• _Items from a data source_:
________________________
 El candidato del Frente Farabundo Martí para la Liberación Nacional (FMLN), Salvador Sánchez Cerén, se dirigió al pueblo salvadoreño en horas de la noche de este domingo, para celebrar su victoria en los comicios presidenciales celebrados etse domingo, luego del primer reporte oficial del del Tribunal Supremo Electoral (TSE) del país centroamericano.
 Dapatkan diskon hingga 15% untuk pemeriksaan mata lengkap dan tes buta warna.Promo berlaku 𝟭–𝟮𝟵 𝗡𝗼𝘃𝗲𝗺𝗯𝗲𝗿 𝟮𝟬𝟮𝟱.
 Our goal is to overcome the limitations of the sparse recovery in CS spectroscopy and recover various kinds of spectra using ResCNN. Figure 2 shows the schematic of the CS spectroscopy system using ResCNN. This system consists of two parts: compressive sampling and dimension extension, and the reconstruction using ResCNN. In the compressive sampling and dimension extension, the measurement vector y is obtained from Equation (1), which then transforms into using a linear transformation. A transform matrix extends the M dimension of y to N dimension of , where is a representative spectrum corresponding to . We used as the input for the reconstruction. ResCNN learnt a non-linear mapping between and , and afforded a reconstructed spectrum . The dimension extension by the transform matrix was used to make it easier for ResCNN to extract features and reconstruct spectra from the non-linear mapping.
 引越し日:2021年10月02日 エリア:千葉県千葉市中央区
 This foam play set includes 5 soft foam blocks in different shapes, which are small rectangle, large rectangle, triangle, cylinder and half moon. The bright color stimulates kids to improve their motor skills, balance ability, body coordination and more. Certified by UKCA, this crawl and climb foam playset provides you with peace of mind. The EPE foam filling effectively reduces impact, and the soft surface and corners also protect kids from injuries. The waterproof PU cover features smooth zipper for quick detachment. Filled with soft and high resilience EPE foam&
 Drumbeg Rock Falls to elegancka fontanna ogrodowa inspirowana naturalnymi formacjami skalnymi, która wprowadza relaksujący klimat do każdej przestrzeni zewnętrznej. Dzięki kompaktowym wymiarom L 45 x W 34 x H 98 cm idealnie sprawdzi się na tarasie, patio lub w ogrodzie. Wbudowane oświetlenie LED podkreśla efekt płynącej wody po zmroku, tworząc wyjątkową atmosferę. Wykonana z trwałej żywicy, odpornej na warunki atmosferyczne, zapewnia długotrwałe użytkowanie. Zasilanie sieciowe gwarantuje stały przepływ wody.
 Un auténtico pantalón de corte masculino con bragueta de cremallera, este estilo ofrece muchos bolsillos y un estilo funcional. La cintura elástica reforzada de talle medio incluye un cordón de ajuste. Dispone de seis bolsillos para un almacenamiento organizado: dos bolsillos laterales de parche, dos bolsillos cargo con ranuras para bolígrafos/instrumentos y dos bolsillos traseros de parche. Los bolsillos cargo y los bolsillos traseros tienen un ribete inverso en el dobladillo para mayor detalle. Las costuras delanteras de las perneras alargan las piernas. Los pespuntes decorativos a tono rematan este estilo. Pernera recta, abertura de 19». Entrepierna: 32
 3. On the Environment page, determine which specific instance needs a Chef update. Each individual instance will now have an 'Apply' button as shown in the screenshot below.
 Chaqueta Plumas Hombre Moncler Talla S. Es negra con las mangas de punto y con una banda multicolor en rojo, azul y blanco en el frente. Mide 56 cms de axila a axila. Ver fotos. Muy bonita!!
________________________
• _ASSIGNMENT_: Beginning at the top of the records above, transcribe each line exactly up to and including the line that holds "引越し日:2021年10月02日 エリア:千葉県千葉市中央区".

• _EXERCISE ANSWER_:
 El candidato del Frente Farabundo Martí para la Liberación Nacional (FMLN), Salvador Sánchez Cerén, se dirigió al pueblo salvadoreño en horas de la noche de este domingo, para celebrar su victoria en los comicios presidenciales celebrados etse domingo, luego del primer reporte oficial del del Tribunal Supremo Electoral (TSE) del país centroamericano.
 Dapatkan diskon hingga 15% untuk pemeriksaan mata lengkap dan tes buta warna.Promo berlaku 𝟭–𝟮𝟵 𝗡𝗼𝘃𝗲𝗺𝗯𝗲𝗿 𝟮𝟬𝟮𝟱.
 Our goal is to overcome the limitations of the sparse recovery in CS spectroscopy and recover various kinds of spectra using ResCNN. Figure 2 shows the schematic of the CS spectroscopy system using ResCNN. This system consists of two parts: compressive sampling and dimension extension, and the reconstruction using ResCNN. In the compressive sampling and dimension extension, the measurement vector y is obtained from Equation (1), which then transforms into using a linear transformation. A transform matrix extends the M dimension of y to N dimension of , where is a representative spectrum corresponding to . We used as the input for the reconstruction. ResCNN learnt a non-linear mapping between and , and afforded a reconstructed spectrum . The dimension extension by the transform matrix was used to make it easier for ResCNN to extract features and reconstruct spectra from the non-linear mapping.
 引越し日:2021年10月02日 エリア:千葉県千葉市中央区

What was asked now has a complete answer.